The spill over evidence led by INO included:
- local media mentions of the US burger chain dating back to 2006, which promoted the brand and encouraged Australians to try the products when in the United States;
- the prominent positioning of its Californian outlets in high traffic tourist areas such as LAX and Anaheim, as well as statistics on short term departures from Australian airports to the United States; and
- statistics relating to the widely publicised and highly popular pop-up events INO had held in Australia over a number of years, and at which its marks and branding were prominently displayed.
The FCA accepted that INO had sufficient reputation in Australia among the relevant class of consumers at the time of DNO’s conduct, and concluded that DNO had engaged in misleading and deceptive conduct.
In reaching the conclusion that a “not insignificant number” of consumers were likely to be led into thinking that there was some kind of association between the two brands, the FCA observed that:
- the term “Down Under” is widely considered to be connected to Australia, therefore use of the word “Down” in this context might lead consumers to think that DNO was an Australian branch of INO;
- use of known INO menu features (e.g. the “secret menu”) would have likely added to a sense of confusion or affiliation between the two brands; and
- because members of the relevant class of Australian consumers might not have visited an INO restaurant, the physical differences between DNO and INO restaurants were not relevant.
INO also claimed that DNO had committed the tort of passing off. To succeed on this basis, INO needed to establish that:
- INO had acquired reputation in its goods and services;
- DNO had made a misrepresentation leading to deception or confusion; and
- INO had or would suffer actual damage as a result of DNO’s misrepresentation(s).

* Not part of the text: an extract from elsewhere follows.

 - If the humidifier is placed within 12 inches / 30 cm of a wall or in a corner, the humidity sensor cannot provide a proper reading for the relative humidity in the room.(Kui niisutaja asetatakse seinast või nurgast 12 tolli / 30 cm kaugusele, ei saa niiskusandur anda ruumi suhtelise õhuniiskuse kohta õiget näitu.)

The FCA found that INO’s reputation in Australia was “a real commercial position or advantage” and, in reliance on the “user principle”, it was entitled to damages – under this principle damages are assessed on the basis of a reasonable fee for the wrongful use of the proprietary rights in the business’ reputation.

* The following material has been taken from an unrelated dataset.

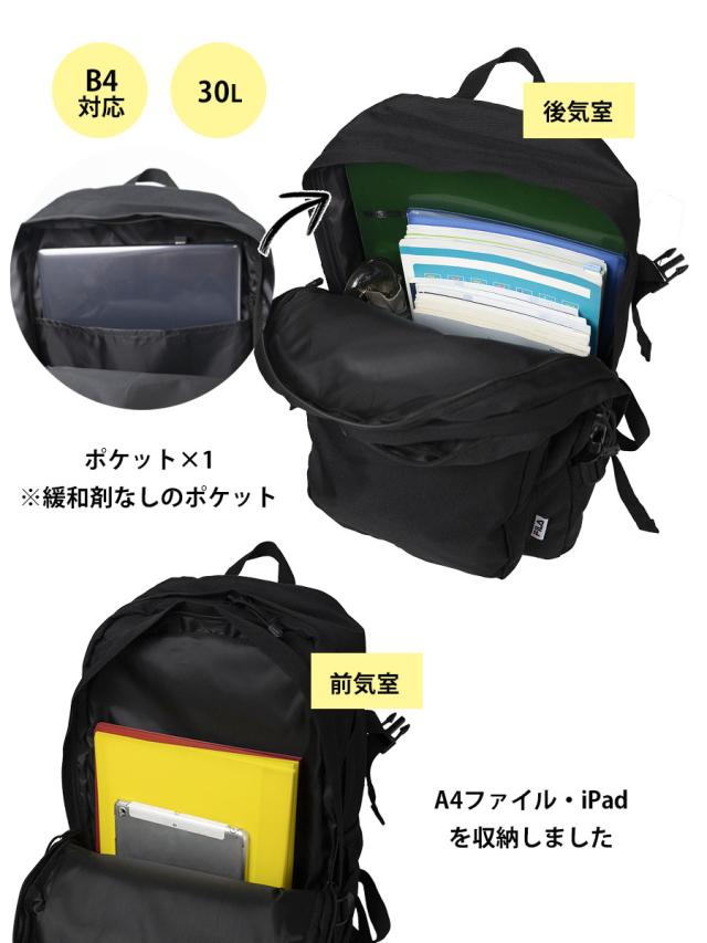 ■リュックベルト、背面ともしっかりとクッションが効いています。チェストバンドもついているので自転車や雨の日なども快適にお使いいただけます。通勤通学にお勧めです。大容量なので、部活動・修学旅行・自然学校・合宿・出張等宿泊や着替えの持ち歩きにも対応できます。

Record keeping and suppression orders
Notably, in an unopposed application, INO was granted suppression (or non-publication) orders under section 37AG of the Federal Court of Australia Act 1976 (Cth) in respect of commercially sensitive revenue figures used in evidence. In granting the orders, the FCA accepted INO’s arguments which included the submission that disclosure of commercially sensitive information would operate as a disincentive to bring future legal proceedings in Australia.
The matter is due in court shortly for a further hearing on the question of remedies and costs.